- [Problem to work on]:
Extract the lines beginning at the one that holds "집에서 밥을 잘 안해먹어서 ㅠㅠ김치에 곰팡이가 폈어요.." and ending at the final line of the material below, keeping them exact and leaving out all pictures.

========

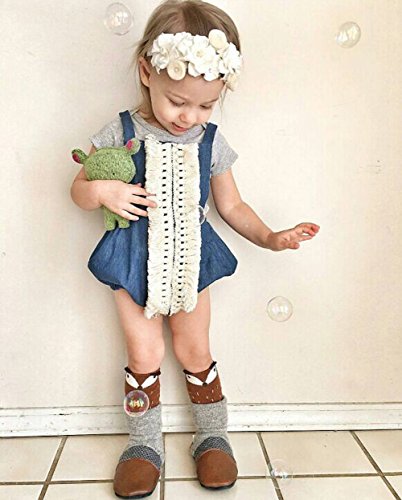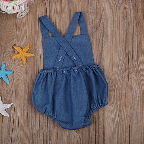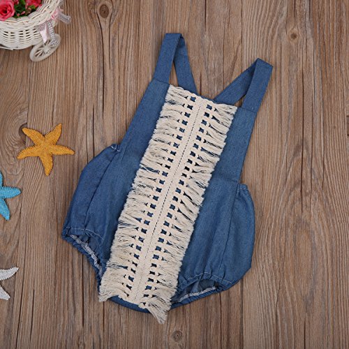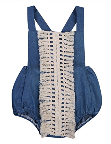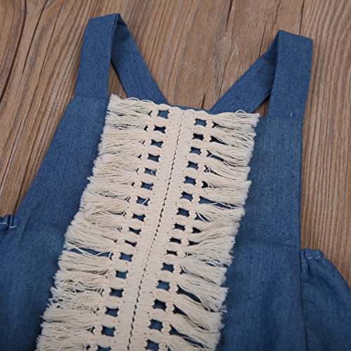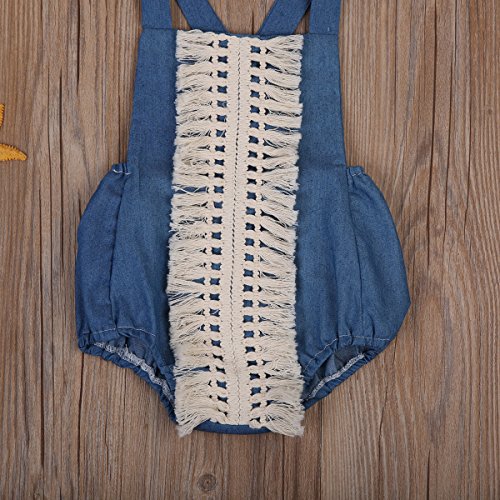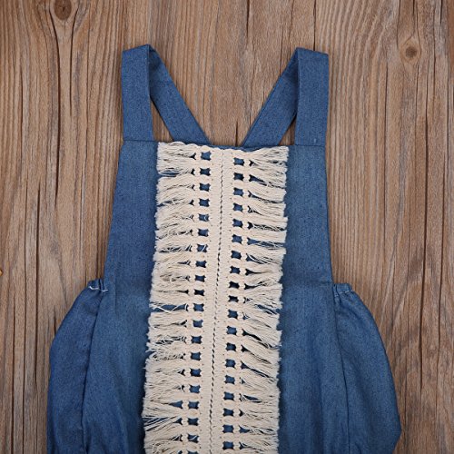 Happyハッピー耳 ロンパース 新生児 ベビー 女の子 夏 ノースリーブ デニム ブルー バックレス タッセル フリンジ 可愛い 70 80 90 100 (90)
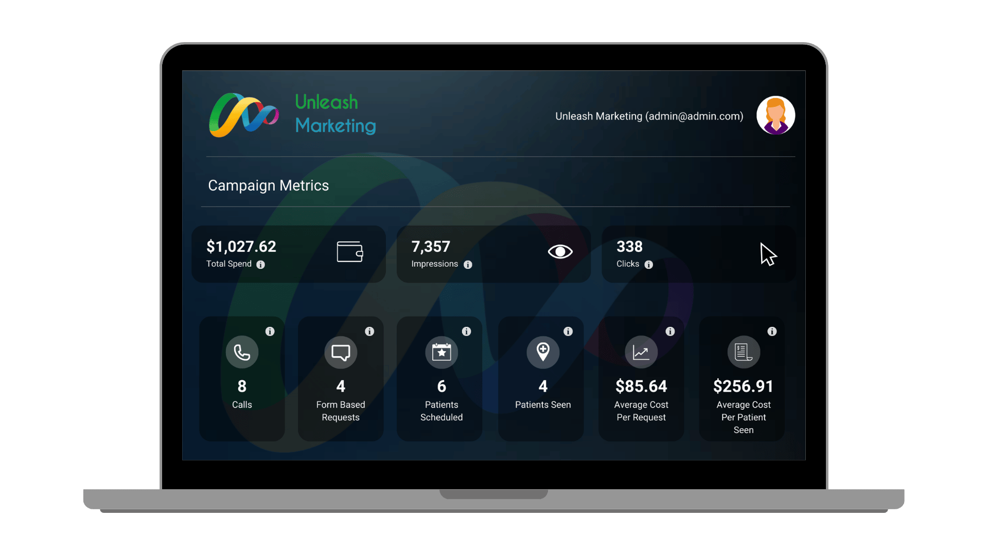 Easy to digest metrics like Total Spend, Number of Clicks and Cost Per New Patient and more.
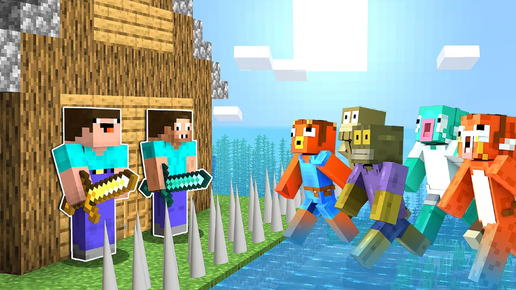 НУБ И ПРО ПОСТРОИЛИ ЗАЩИЩЕННЫЙ ДОМ ПРОТИВ РЫБ МУТАНТОВ МАЙНКРАФТ ! НУБИК И ЛОВУШКА MINECRAFT
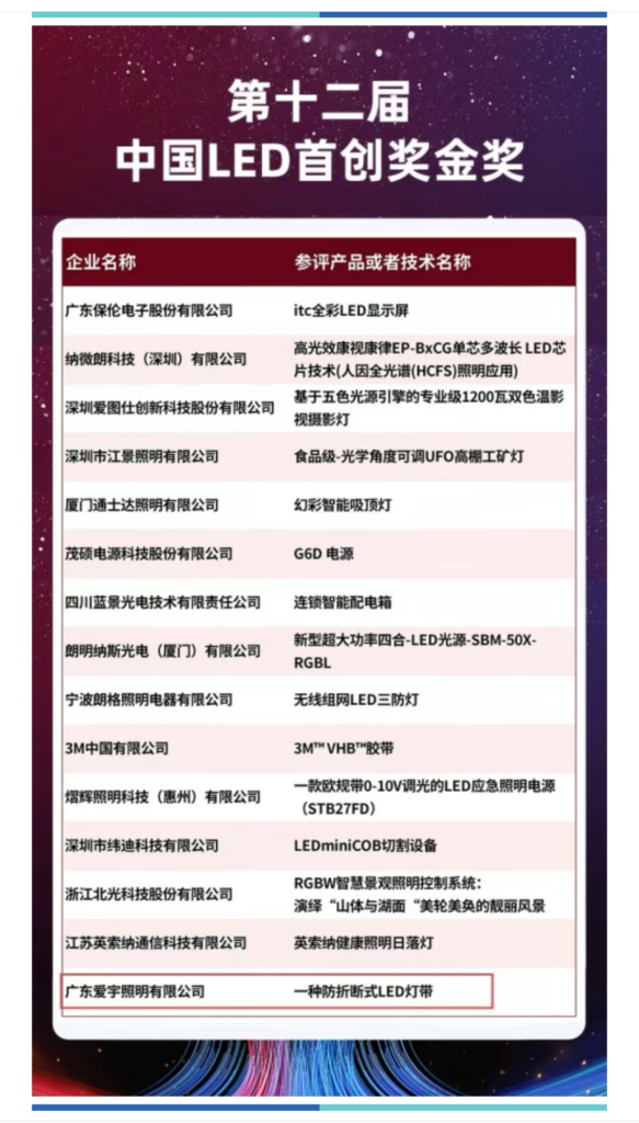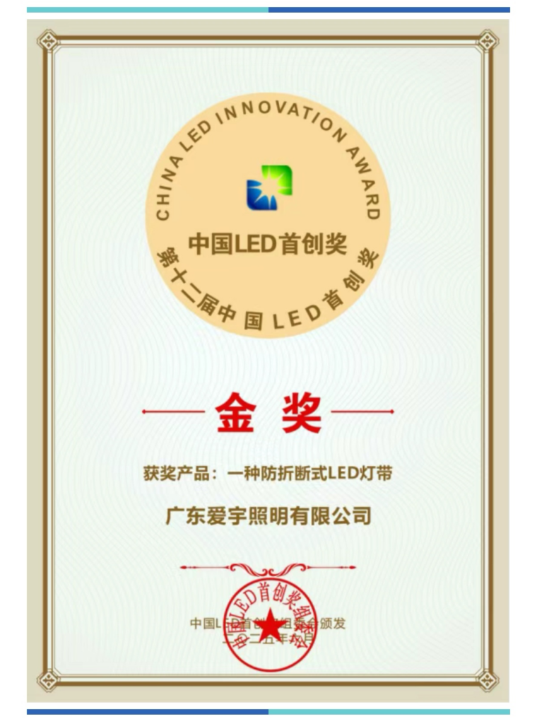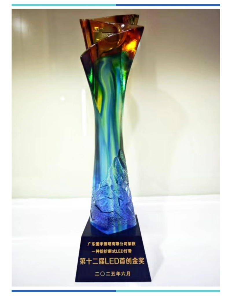 On June 11, 2025, the 12th China LED Pioneer Award Ceremony was grandly held in Guangzhou. Guangdong Aiyu Lighting Co., Ltd. stood out from hundreds of leading enterprises with its independently developed “anti breakage LED strip” and won the China LED Innovation Award Gold Award!
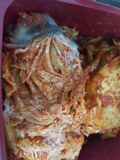 집에서 밥을 잘 안해먹어서 ㅠㅠ김치에 곰팡이가 폈어요..
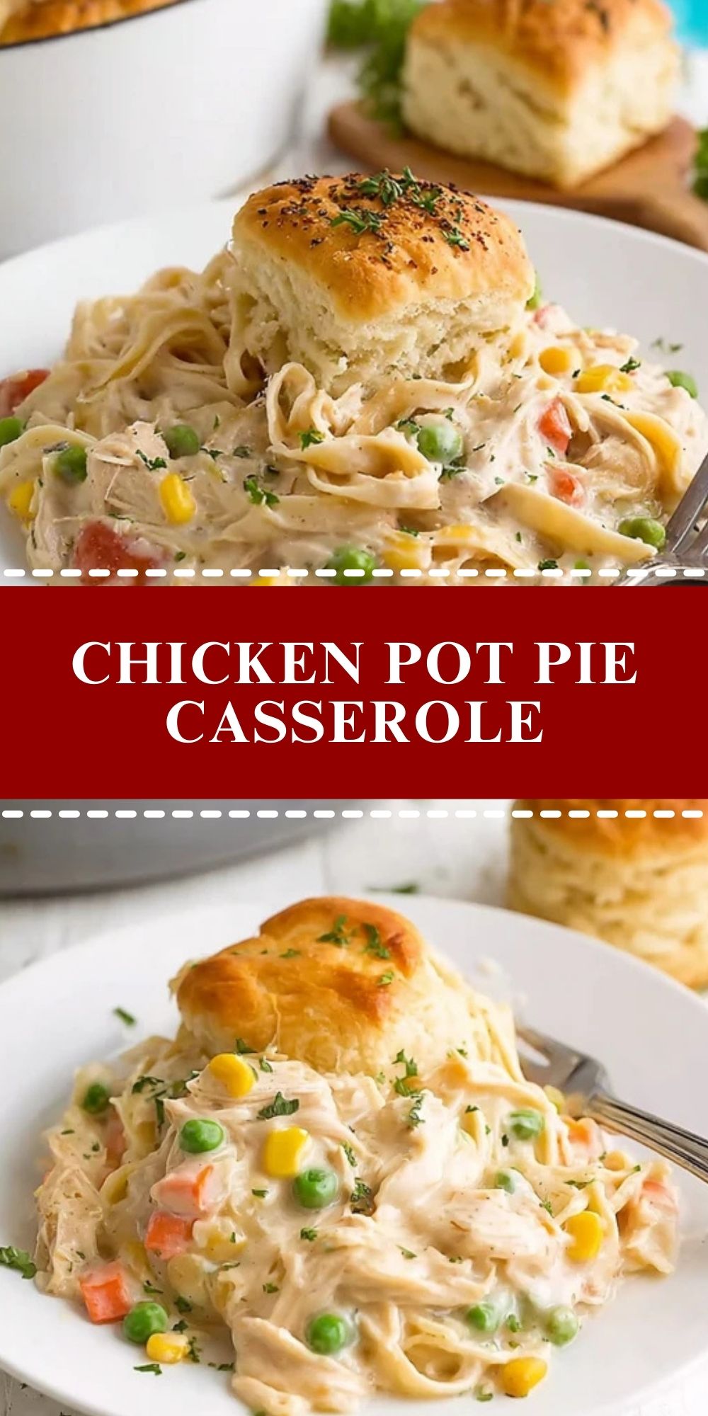 This Chicken Pot Pie Casserole is everything you love about traditional pot pie, made even easier in a comforting, crowd-pleasing bake. Creamy chicken and veggie filling gets tucked beneath golden flaky biscuits for a cozy one-dish meal that’s weeknight-friendly and perfect for sharing.
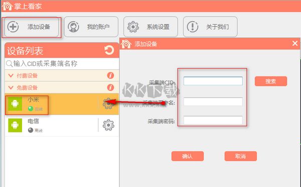 3、添加設(shè)備(這是采集端設(shè)備,通常使用手機或平板安裝采集端,打開即可),找到ID并添加;
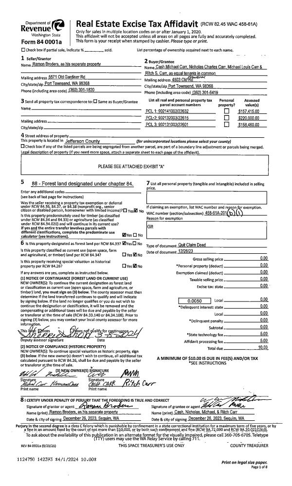| 1 | 12/26/2023 | QCD | Quit Claim Deed | RAMON F BRODERS | CASH M CARR | | | | 142393 | |
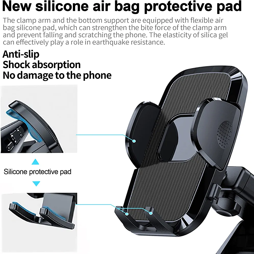 Introducing the Necomi 2022 New Version 4 in 1 Car Phone Holder Mount, designed to provide you with a comfortable and secure phone mounting experience while driving. The upgraded soft silicone rubber pad ensures cushioning, shock resistance, and tight clamping, while the extra vent clip fits most types of car air vents and comes with thick silicone pads to prevent scratches on your car vents.

========

- [The completed task]:
 집에서 밥을 잘 안해먹어서 ㅠㅠ김치에 곰팡이가 폈어요..
 This Chicken Pot Pie Casserole is everything you love about traditional pot pie, made even easier in a comforting, crowd-pleasing bake. Creamy chicken and veggie filling gets tucked beneath golden flaky biscuits for a cozy one-dish meal that’s weeknight-friendly and perfect for sharing.
 3、添加設(shè)備(這是采集端設(shè)備,通常使用手機或平板安裝采集端,打開即可),找到ID并添加;
| 1 | 12/26/2023 | QCD | Quit Claim Deed | RAMON F BRODERS | CASH M CARR | | | | 142393 | |
 Introducing the Necomi 2022 New Version 4 in 1 Car Phone Holder Mount, designed to provide you with a comfortable and secure phone mounting experience while driving. The upgraded soft silicone rubber pad ensures cushioning, shock resistance, and tight clamping, while the extra vent clip fits most types of car air vents and comes with thick silicone pads to prevent scratches on your car vents.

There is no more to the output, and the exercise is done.